DIRECTIONS:
Output the records exactly, and drop each picture.

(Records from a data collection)
----

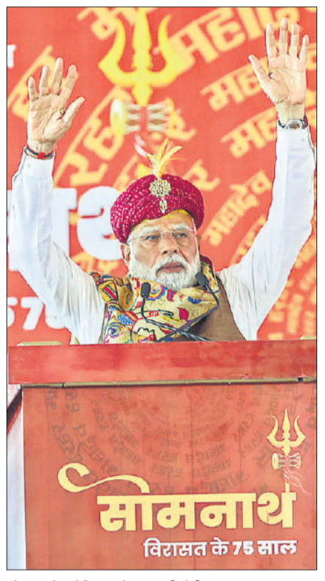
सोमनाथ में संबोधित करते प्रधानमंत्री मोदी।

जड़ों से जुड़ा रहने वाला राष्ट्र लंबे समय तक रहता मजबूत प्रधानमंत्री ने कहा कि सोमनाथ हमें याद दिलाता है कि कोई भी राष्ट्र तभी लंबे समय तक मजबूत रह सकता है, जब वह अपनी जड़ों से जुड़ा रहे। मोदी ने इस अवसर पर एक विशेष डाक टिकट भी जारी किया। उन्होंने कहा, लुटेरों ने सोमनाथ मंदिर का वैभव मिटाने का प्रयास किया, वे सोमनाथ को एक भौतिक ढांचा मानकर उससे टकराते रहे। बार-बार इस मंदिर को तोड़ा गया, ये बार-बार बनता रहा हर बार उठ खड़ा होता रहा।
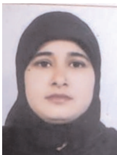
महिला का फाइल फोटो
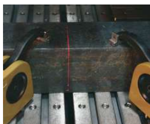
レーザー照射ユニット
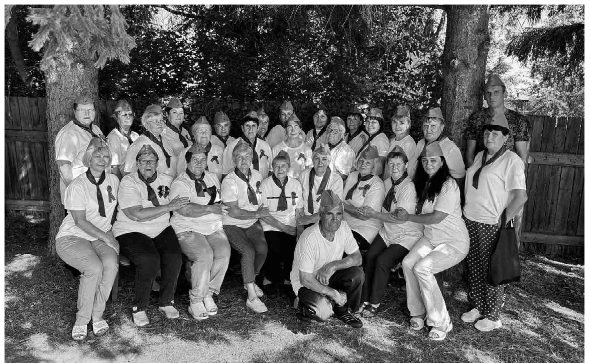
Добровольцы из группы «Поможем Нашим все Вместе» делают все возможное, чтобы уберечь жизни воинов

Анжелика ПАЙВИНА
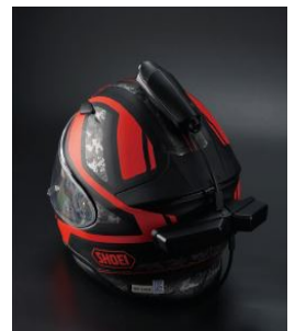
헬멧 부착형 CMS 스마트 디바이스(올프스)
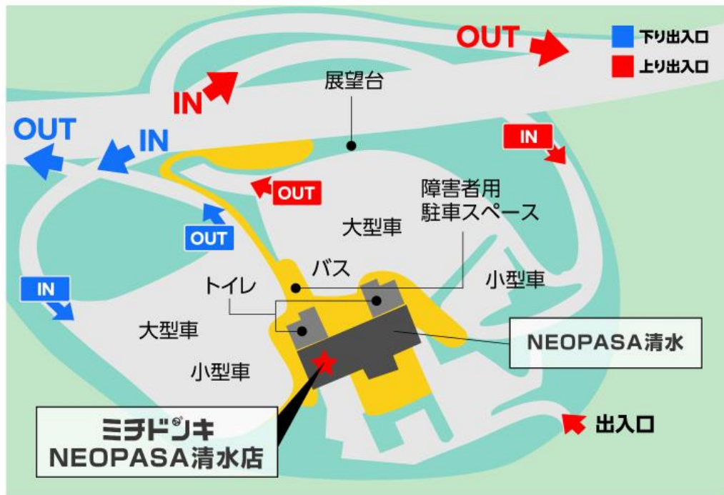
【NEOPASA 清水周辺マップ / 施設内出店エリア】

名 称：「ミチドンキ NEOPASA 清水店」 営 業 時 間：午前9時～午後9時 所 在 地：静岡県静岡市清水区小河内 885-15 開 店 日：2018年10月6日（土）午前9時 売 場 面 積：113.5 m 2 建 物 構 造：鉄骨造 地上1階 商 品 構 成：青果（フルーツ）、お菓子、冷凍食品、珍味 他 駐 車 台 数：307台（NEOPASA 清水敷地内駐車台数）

----

RESPONSE BELOW:
सोमनाथ में संबोधित करते प्रधानमंत्री मोदी।

जड़ों से जुड़ा रहने वाला राष्ट्र लंबे समय तक रहता मजबूत प्रधानमंत्री ने कहा कि सोमनाथ हमें याद दिलाता है कि कोई भी राष्ट्र तभी लंबे समय तक मजबूत रह सकता है, जब वह अपनी जड़ों से जुड़ा रहे। मोदी ने इस अवसर पर एक विशेष डाक टिकट भी जारी किया। उन्होंने कहा, लुटेरों ने सोमनाथ मंदिर का वैभव मिटाने का प्रयास किया, वे सोमनाथ को एक भौतिक ढांचा मानकर उससे टकराते रहे। बार-बार इस मंदिर को तोड़ा गया, ये बार-बार बनता रहा हर बार उठ खड़ा होता रहा।
महिला का फाइल फोटो
レーザー照射ユニット
Добровольцы из группы «Поможем Нашим все Вместе» делают все возможное, чтобы уберечь жизни воинов

Анжелика ПАЙВИНА
헬멧 부착형 CMS 스마트 디바이스(올프스)
【NEOPASA 清水周辺マップ / 施設内出店エリア】

名 称：「ミチドンキ NEOPASA 清水店」 営 業 時 間：午前9時～午後9時 所 在 地：静岡県静岡市清水区小河内 885-15 開 店 日：2018年10月6日（土）午前9時 売 場 面 積：113.5 m 2 建 物 構 造：鉄骨造 地上1階 商 品 構 成：青果（フルーツ）、お菓子、冷凍食品、珍味 他 駐 車 台 数：307台（NEOPASA 清水敷地内駐車台数）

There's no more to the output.